El pleno del Consejo General del Poder Judicial aprobó el día 26 de julio una resolución por mayoría, en su dictamen sobre la reforma de la Ley de Extranjería, preceptivo aunque no vinculante, en el que transmite al Gobierno que "no deja de producir preocupación el regreso al sistema de la Ley de 1985 privando a los extranjeros en situación irregular de los derechos de asociación, reunión, manifestación, libertad sindical y huelga, independientemente de que su regulación pueda incluir las restricciones que se consideren adecuadas a su ejercicio". Esta declaración tuvo el voto en contra de seis vocales, designados a propuesta del PP, frente a 13 que votaron a favor.

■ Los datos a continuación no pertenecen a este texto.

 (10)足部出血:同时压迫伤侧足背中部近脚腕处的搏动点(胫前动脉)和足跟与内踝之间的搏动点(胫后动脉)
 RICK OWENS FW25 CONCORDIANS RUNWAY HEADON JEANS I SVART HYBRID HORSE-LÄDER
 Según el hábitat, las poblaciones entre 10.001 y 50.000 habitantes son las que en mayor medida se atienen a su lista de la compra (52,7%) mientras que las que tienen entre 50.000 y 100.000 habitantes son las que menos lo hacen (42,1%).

El pleno rechazó a su vez una propuesta alternativa a esta enmienda, que sólo obtuvo seis votos a favor y señalaba que "el ejercicio de estos derechos se reconoce exclusivamente a los extranjeros que se encuentran legalmente en España, en el mismo modo que la Ley Orgánica de 1985, y sobre la que no existió pronunciamiento contrario del Tribunal Constitucional, y frente a la concepción extensiva contenida en la Ley vigente".

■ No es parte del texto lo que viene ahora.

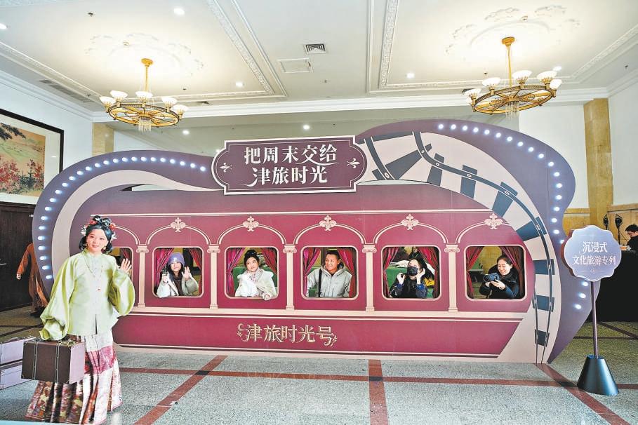 近日,“津旅时光号”旅游专列从北京站开往天津北站,位于北京站的主题展板成为旅客的打卡点。
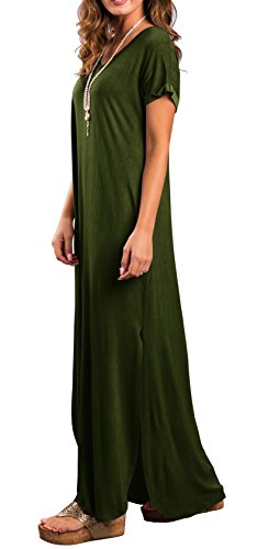 Short sleeve, V neck and Backless, Long dress,Pocket,Maxi dress, loose fit, the dress is very loose, oversized.If you don't want it very loose, then choose one or two sizes down.
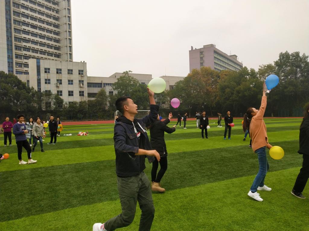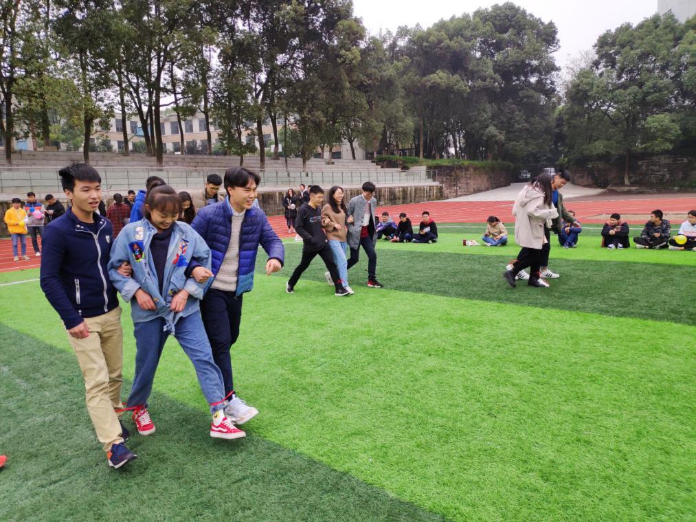 此次联谊安排了运气球、合作运气球、两人三足和对眼憋笑四个游戏。同学们积极参与,配合默契,观看的同学们也为比赛中的同学加油打气,场面十分热闹,不时传来阵阵笑声。
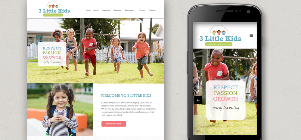 Website Design for a new preschool and early learning centre - 3 Little Kids in Australia. A fresh natural color palette for the young kids was incorporated in the logo and centre brandingd esigned by us . The client is very happy with the new website design. We worked on a clean modern attractive design and user friendly IA. The site is responsive and works well across mobile devices.

Según explicó el portavoz del Poder Judicial, Benigno Varela, del informe publicado ayer por la Comisión de Estudios del CGPJ, se ha retirado "prácticamente" en su totalidad la alusión a la precipitación del Gobierno en abordar la reforma porque no es competencia del CGPJ hacer consideraciones "sobre la oportunidad política de reformar o no las leyes".
También se han retirado las alusiones a conceptos jurídicos indeterminados de la ley que podían dar lugar a arbitrariedad, y con ella la referencia a una falta de proporcionalidad entre las infracciones y las sanciones. "El texto de la Comisión de Estudios e Informes se ha mantenido en un 95 por ciento, aunque algunas páginas del informe han sido objeto de una nueva redacción", explicó el portavoz del CGPJ, que apuntó que el dictamen tiene más consideraciones técnicas de carácter positivo que negativas.

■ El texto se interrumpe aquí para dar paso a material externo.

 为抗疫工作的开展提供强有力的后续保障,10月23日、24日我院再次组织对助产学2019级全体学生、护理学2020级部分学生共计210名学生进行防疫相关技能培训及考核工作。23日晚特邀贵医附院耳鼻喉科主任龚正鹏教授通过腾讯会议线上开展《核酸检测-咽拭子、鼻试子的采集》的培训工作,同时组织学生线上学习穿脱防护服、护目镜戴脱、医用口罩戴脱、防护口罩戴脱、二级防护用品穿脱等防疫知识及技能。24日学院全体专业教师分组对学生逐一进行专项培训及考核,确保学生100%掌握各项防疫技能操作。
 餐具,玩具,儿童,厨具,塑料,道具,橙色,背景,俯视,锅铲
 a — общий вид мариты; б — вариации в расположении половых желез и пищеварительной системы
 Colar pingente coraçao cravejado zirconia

No obstante, y aunque el Poder Judicial considera que se mantienen suficientes garantías del derecho a la tutela judicial efectiva, mantiene las recomendaciones sobre control judicial a partir de 72 horas de detención de un inmigrante para su retorno. En este punto, matizó que se mantiene alguna referencia a la actuación del Ministerio del Interior en la detención de inmigrantes, aunque afirmó que no se incide mucho en ello, mientras que el informe de la Comisión de Estudios aludía a un excesivo arbitrio de este Departamento. También requieren que se motiven las denegaciones de todo tipo de visados.
ACUERDOS DE TAMPERE
Asimismo, Varela explicó que el CGPJ constata que la Ley en vigor atribuye a los extranjeros, con independencia de su situación administrativa, derechos y libertades en condiciones de igualdad con los españoles, mientras que el anteproyecto de reforma condiciona el disfrute de derechos a la legalidad del inmigrantes, de acuerdo con los compromisos de Tampere. En cualquier caso, señaló que no compete a este órgano determinar la constitucionalidad o no de las leyes sino al Tribunal Constitucional y que además éste no se ha pronunciado tampoco sobre la constitucionalidad o no de la Ley de 1985.
Igualmente, destacó como aspectos positivos del texto las medidas destinadas a la persecución de inmigración ilegal, especialmente contra las mafias, y que se mantenga como causa de renovación de permiso que el extranjero este percibiendo el subsidio de desempleo.
"El CGPJ valora muy positivamente la regulación de la tutela judicial efectiva y la asistencia letrada, así como la referencia a la Comunidad Autónoma de Canarias y su posibilidad de elevar propuestas al Gobierno en materia de inmigración", comentó.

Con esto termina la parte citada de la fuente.